Some investigators now think that the continued release of pain-causing substances in
chronic pain conditions may lead to long-term nervous system changes in some patients that
make them hypersensitive to pain. People suffering such hyperalgesia can cry out in pain
at the gentlest touch, or even when a soft breeze blows over the affected area. In
addition to the prostaglandins, blister fluid and certain insect and snake venoms also
contain pain-causing substances. Presumably these chemicals alert you to the need for care
-- a fine reaction in an emergency, but not in chronic pain.
There are several prescription drugs that usually can provide stronger pain relief than
aspirin. These include the opiate-related compounds codeine, propoxphene (Darvon(R)),
morphine, and meperidine (Demerol(R)). All these drugs have some potential for abuse, and
may have unpleasant and even harmful side effects. In combination with other medications
or alcohol, some can be dangerous. Used wisely, however, they are important recruits in
the chemical fight against pain.
In the search for effective analgesics physicians have discovered pain-relieving benefits
from drugs not normally prescribed for pain. Certain antidepressants as well as
antiepileptic drugs are used to treat several particularly severe pain conditions, notably
the pain of shingles and of facial neuralgias like tic douloureux.
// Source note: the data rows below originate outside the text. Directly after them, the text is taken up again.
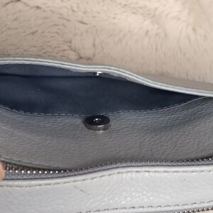 Fossil Vintage Y2K Ice Blue Pastel Leather 2 Compartment Shoulder Bag, with Zippered pockets and Slip Pockets, plus Credit and ID card slip pockets, Versatile, Feminine, Coastal, Nautical, Retro, Tennis Prep, Classic, Casual, Boho, Timeless, Bohemian, Scandi Girl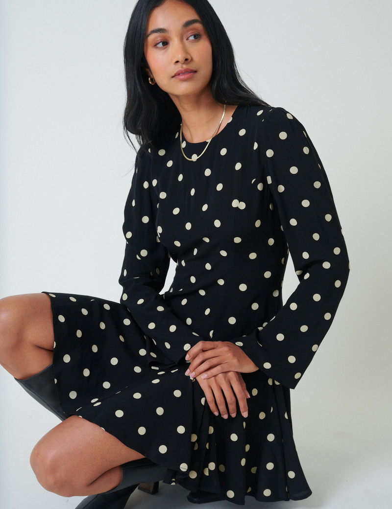 Black Polka Dot Long Sleeve Paris Mini Dress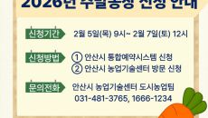 [윤은중 기자] (안산=국제뉴스) 윤은중 기자 = 안산시는 2월 5일부터 사흘간 주말농장 신청 및 접수를 받는다고 12일 밝혔- 2026-01-12 09:09

Interestingly, pain patients who benefit from antidepressants report pain relief before
any uplift in mood. Pain specialists think that the antidepressant works because it
increases to supply of a naturally produced neurotransmitter, serotonin. (Doctors have
long associated decreased amounts of serotonin with severe depression.) But now scientists
have evidence that cells using serotonin are also an integral part of a pain-controlling
pathway that starts with endorphin-rich nerve cells high up in the brain and ends with
inhibition of pain-conducting nerve cells lower in the brain or spinal cord.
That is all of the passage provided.